Tout le livre « Idées reçues sur la Thaïlande » est à l’avenant. Sous couvert d’une approche pédagogique, à laquelle les fidèles de cette collection sont habitués, Eugénie Mérieau tranche dans le vif. La loi sur le lèse-majesté ? Elle ne fait pas « partie intégrante de la culture thaïlandaise ». Les achats de voix, qui ôteraient toute valeur aux élections pluralistes ? Ils n’altèrent pas réellement la sincérité d’un vote à bulletins secrets. L’ignorance et l’inculture des populations rurales du Nord-Est, argument récurrent des élites thaïlandaises pour justifier leur domination ? Un cliché daté – il suffit de se rendre sur place pour le constater.
Eugénie Mérieau remet d’ailleurs en cause le qualificatif de « monarchie constitutionnelle » pour décrire le royaume, constatant que le régime s’appuie largement sur l’armée et « se passe entièrement à la fois d’élections et de Parlement ». « Cette définition se révèle au mieux ineffective pour offrir un aperçu du fonctionnement des institutions, au pire délétère, en ce qu’elle obstrue tout à fait la réflexion concernant les institutions politiques thaïlandaises et leurs modus operandi », estime-t-elle.
La « soumission » des Thaïlandaises
De telles critiques du régime sont courantes parmi les chercheurs étrangers ou en exil – rien de tel ne pourrait être publié en Thaïlande, où critiquer le roi, même de façon détournée, mène directement en prison.
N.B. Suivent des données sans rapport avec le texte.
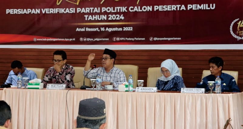 HARIANHALUAN.ID – Komisi Pemilihan Umum (KPU) Padang Pariaman melakukan pematangan persiapan verifikasi partai politik calon peserta pemilu Tahun 2024 di Anai Resort, Selasa (16/8/2022) menjelang dimulainya verifikasi faktual ditingkat Padang Pariaman.
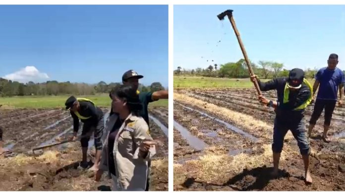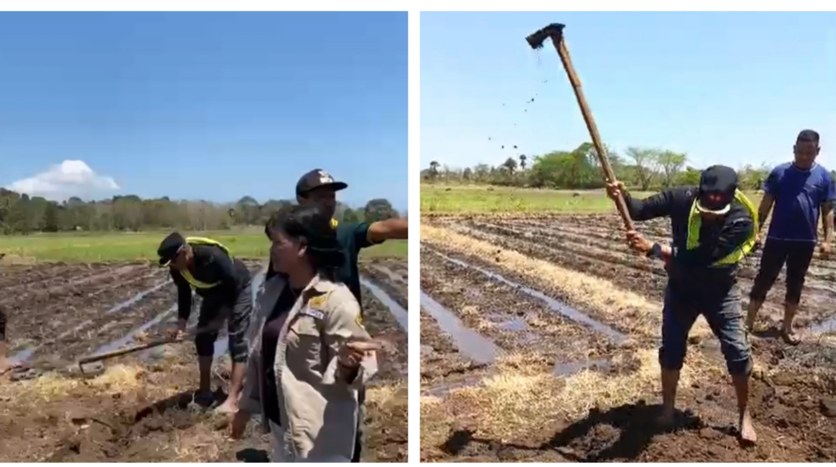 Aktifitas persiapan lahan seperti mencangkul tanah untuk membuat pematang hingga penanaman anakan dilakukan langsung Kajari Yupiter Selan.
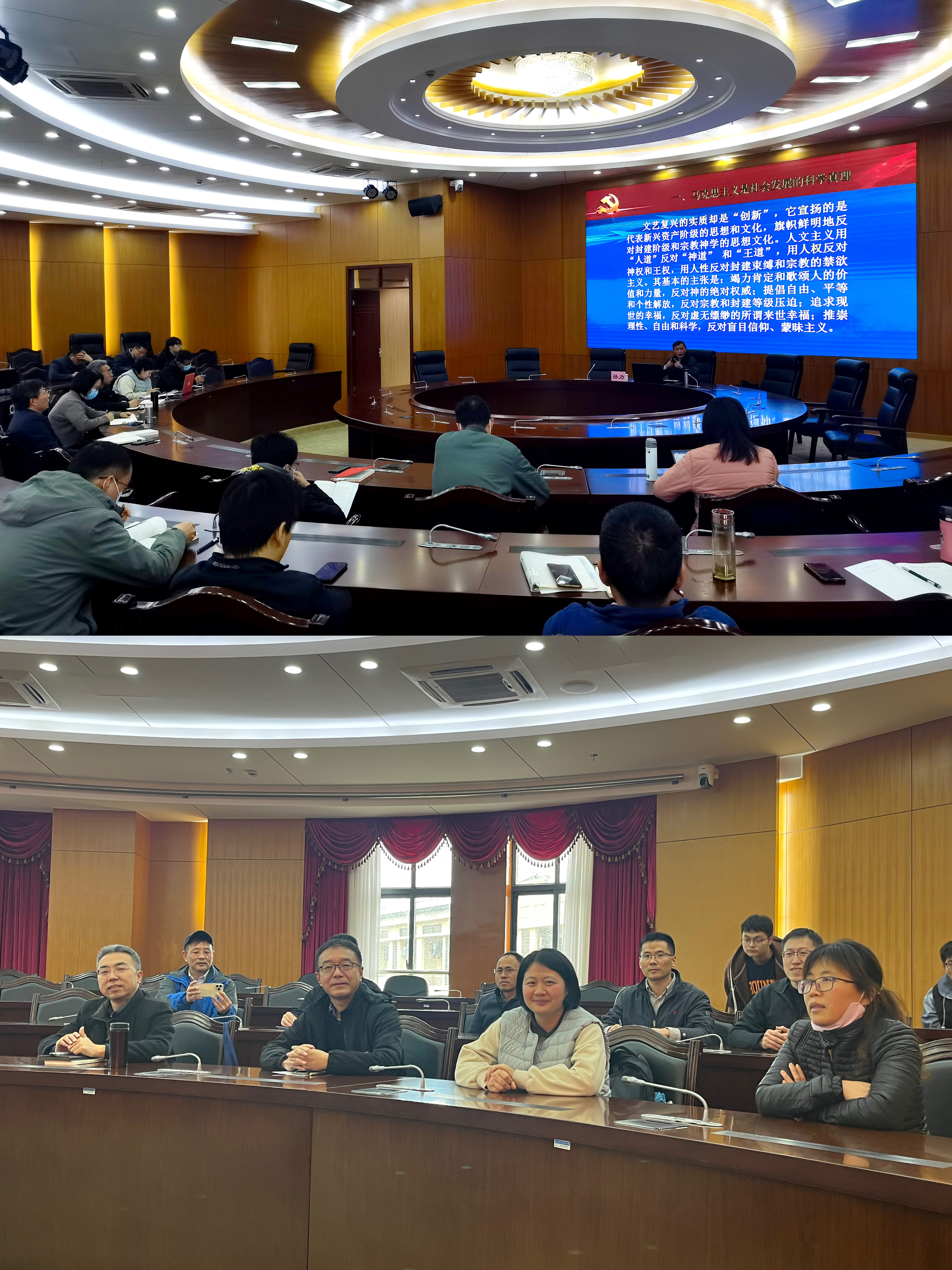我院党委理论学习中心组全体成员在听取报告后进行了内部交流,与会同志表示,通过聆听宣讲报告,深刻认识到学习宣传贯彻党的二十大精神的重大意义,要全面学习、全面把握、全面落实党的二十大精神,全面贯彻党的教育方针,落实立德树人根本任务。学院也将主动对标党的二十大报告提出的各项任务部署,坚持往深里学,往实里学,找准结合点和切入点,列出具体举措,把党的二十大精神落实到各项具体工作和实际行动中。
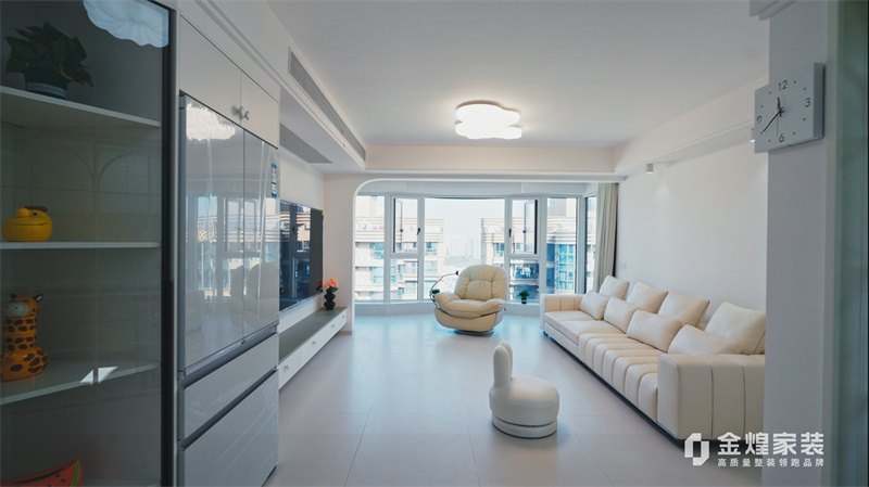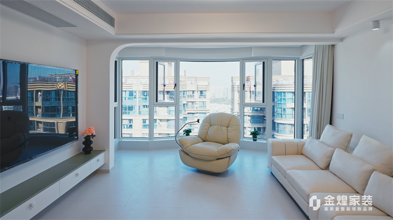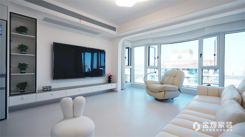 客廳內(nèi),大電視直接掛在墻上,下方配以簡約的電視柜,旁邊擺放著舒適的沙發(fā)和別致的休閑椅,沒有過多的繁雜裝飾,顯得寬敞又明亮。大窗戶的設(shè)計讓室內(nèi)光線充足,進(jìn)一步增強(qiáng)了空間的通透感。
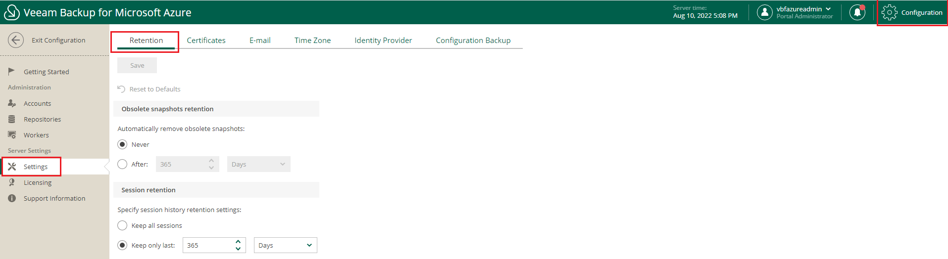 - Configuration Backup, donde vamos a programar los backups de la propia configuración que tengamos realizada en nuestro Veeam Backup for Microsoft Azure:
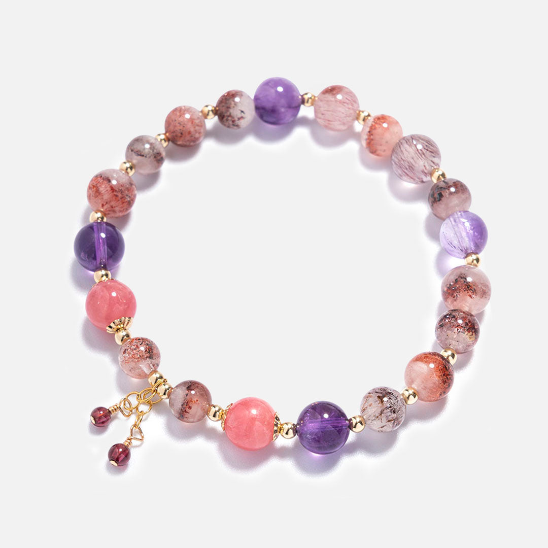 款式利用大小珠的混搭,把色彩繽紛的超級七帶來層次感,細節加入能招來好姻緣的紅紋石,另外,用人手繞線的石榴石吊節,充滿高貴優雅的氣質。超級七在水晶當中它能量比較強,包含七種礦物和功效,功效較全面,源源不絕的能量會帶來了好運氣,跟其他水晶一起配戴,能加強它們的能量。
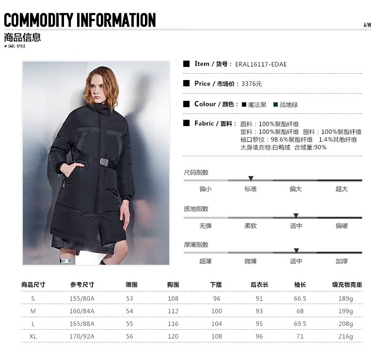艾莱依2015冬装新款ERAL16117-EDAE中长款羽绒服

Plus originales sont les déconstructions d’idées reçues sur la société thaïlandaise.
Ainsi, rappelle la chercheuse, être gay ou lesbienne dans le royaume n’a rien de simple. Car si les Thaïlandais acceptent l’idée qu’un homme puisse être « né dans un corps de femme » et réciproquement, il convient à leur sens de corriger cette « erreur de la nature » au moyen du transexualisme – qui permet, au final, de réaffirmer la norme hétérosexuelle.
Par ailleurs, si le tourisme sexuel est une réalité, la clientèle de la prostitution est en majorité locale. Quant à la Thaïlandaise, qui serait volontiers « soumise », ce cliché n’a rien d’innocent : il est le résultat d’une opération de marketing des gouvernements autoritaires, visant à attirer les visiteurs étrangers et à faire apparaître leur dictature comme plus « soft ».
« Idées reçues sur la Thaïlande », d’Eugénie Mérieau, éd. Le Cavalier bleu, 141 pages, 12 euros.